Brown did not raise this issue of the prejudice of Sampson at any point in appellate proceedings prior to the filing of his PCRA motion in December 2003.
In sum, Brown's claim of newly-discovered evidence and resulting alleged "cause and prejudice" or "fundamental miscarriage of justice" does not excuse his procedural default. Consequently, Brown is precluded from pursuing federal habeas corpus relief with regard to this issue.
IV. Conclusion
Based on the foregoing determination that Brown's claim is procedurally defaulted, the petition for writ of habeas corpus will be denied.
An appropriate order will issue.
ORDER
AND NOW, this 30th day of March, 2007, upon consideration of the petition for writ of habeas corpus (Doc. 1), and for the reasons set forth in the accompanying memorandum, it is hereby ORDERED that:
1. The petition for writ of habeas corpus (Doc. 1) is DENIED.
2. The Clerk of Court is directed to CLOSE this case.
3. There is no basis for the issuance of a certificate of appealability.
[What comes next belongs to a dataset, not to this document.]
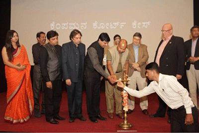 HONORARY CONSUL OF ESTONIA MR. PRAVIN KUMAR GOENKA LIGHTING THE LAMP AT THE INAUGRATION OF A FILM FESTIVAL.
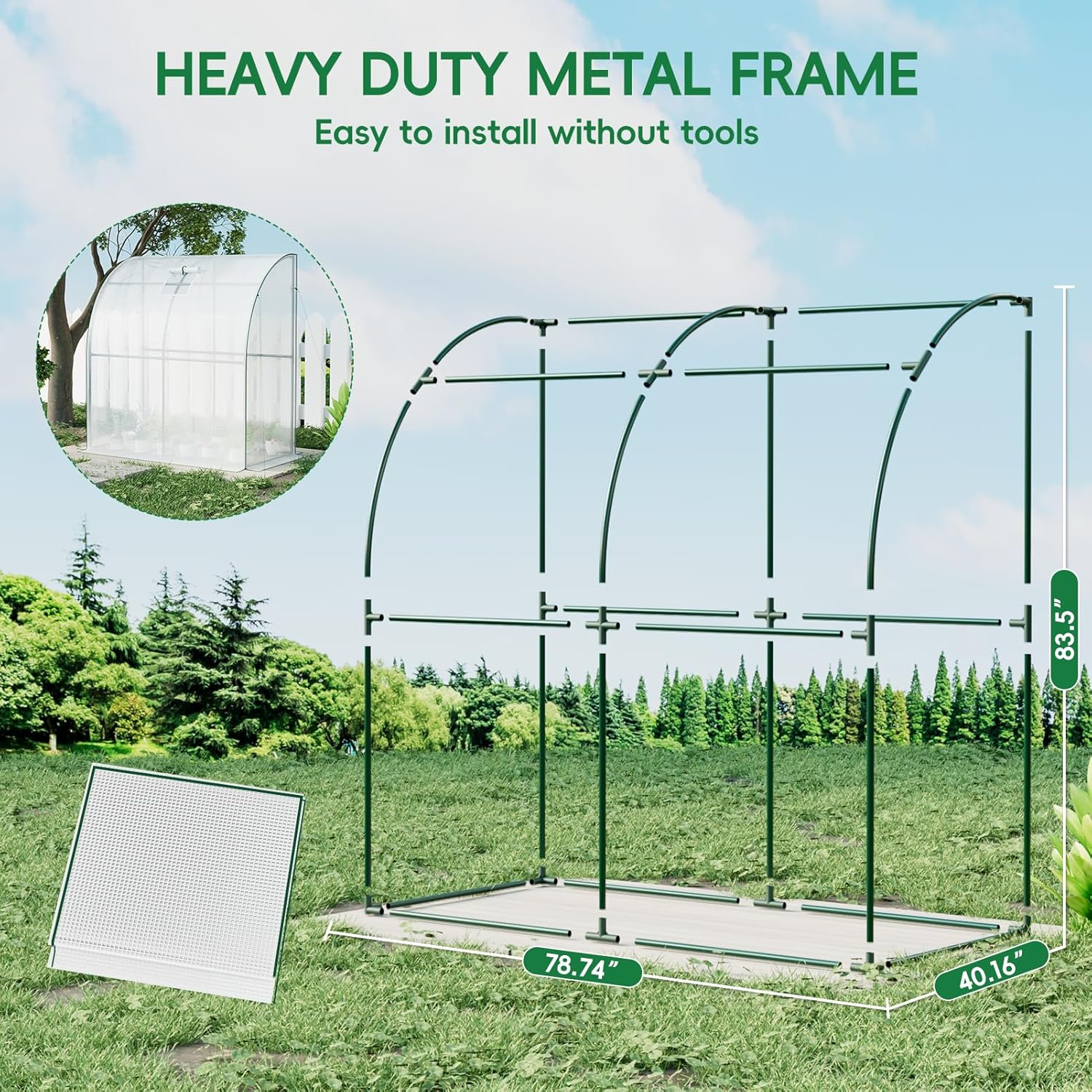 - Easy Movement and Assembly: All components can be disassembled without the need for any tools. So you can install it anywhere you want and move it when the seasons change. The size of the walk-in wall greenhouse is 79 x 40 x 83inch, providing sufficient growth space for seedlings, flowers, vegetables and fruits

See 28 U.S.C. § 2253(c).Trial court: I want you to understand . . ., as I told you last week that I can't give you any special consideration because you're not a lawyer and that you're representing yourself. I will have to conduct this trial as I would if there was a lawyer representing you. * * * I have to rule on [objections or motions] just as if you were a lawyer . . . and understand all the rules and procedures that a lawyer would. Do you understand that? Brown: Yes, sir. (Id.)